_What the task asks_
Look through the material below and copy exactly the lines from the line with "to 1454 meters" to the line with "좌판 앞쪽 가까이에 회전축이", those two lines included.

_Supplied data_
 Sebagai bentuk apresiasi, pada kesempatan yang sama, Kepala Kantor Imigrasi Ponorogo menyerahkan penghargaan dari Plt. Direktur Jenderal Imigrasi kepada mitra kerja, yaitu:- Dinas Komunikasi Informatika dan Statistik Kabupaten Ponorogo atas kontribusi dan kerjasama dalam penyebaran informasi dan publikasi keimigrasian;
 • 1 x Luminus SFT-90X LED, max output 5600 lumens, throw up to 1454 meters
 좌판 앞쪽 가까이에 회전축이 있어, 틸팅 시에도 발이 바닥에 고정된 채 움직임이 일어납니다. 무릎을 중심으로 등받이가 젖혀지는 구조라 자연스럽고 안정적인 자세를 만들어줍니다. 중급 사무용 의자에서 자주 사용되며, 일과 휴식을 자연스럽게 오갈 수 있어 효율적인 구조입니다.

---

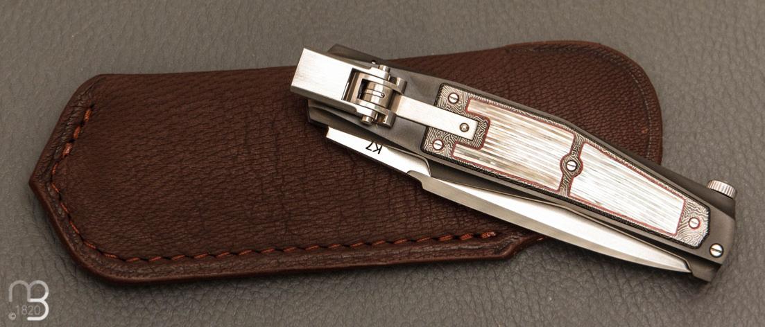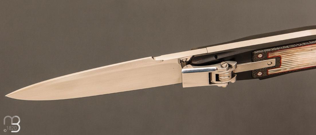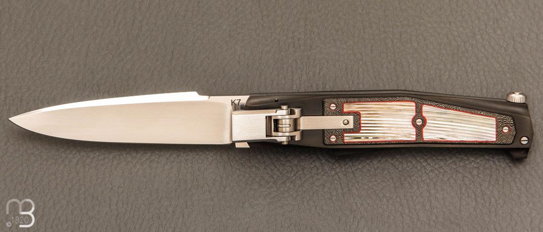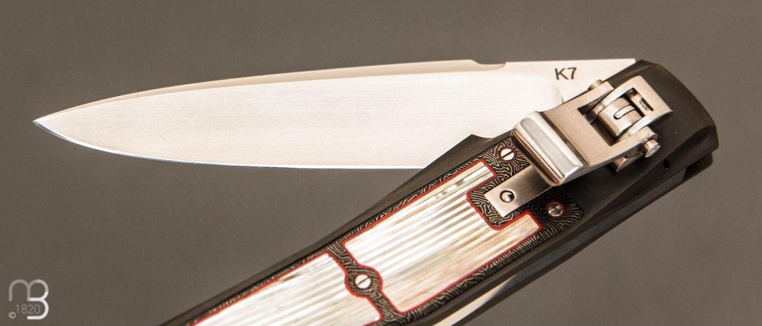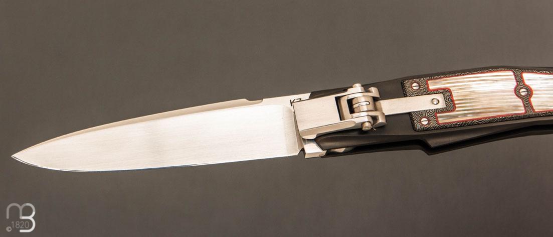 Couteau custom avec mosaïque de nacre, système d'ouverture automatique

_Task answer_
 • 1 x Luminus SFT-90X LED, max output 5600 lumens, throw up to 1454 meters
 좌판 앞쪽 가까이에 회전축이 있어, 틸팅 시에도 발이 바닥에 고정된 채 움직임이 일어납니다. 무릎을 중심으로 등받이가 젖혀지는 구조라 자연스럽고 안정적인 자세를 만들어줍니다. 중급 사무용 의자에서 자주 사용되며, 일과 휴식을 자연스럽게 오갈 수 있어 효율적인 구조입니다.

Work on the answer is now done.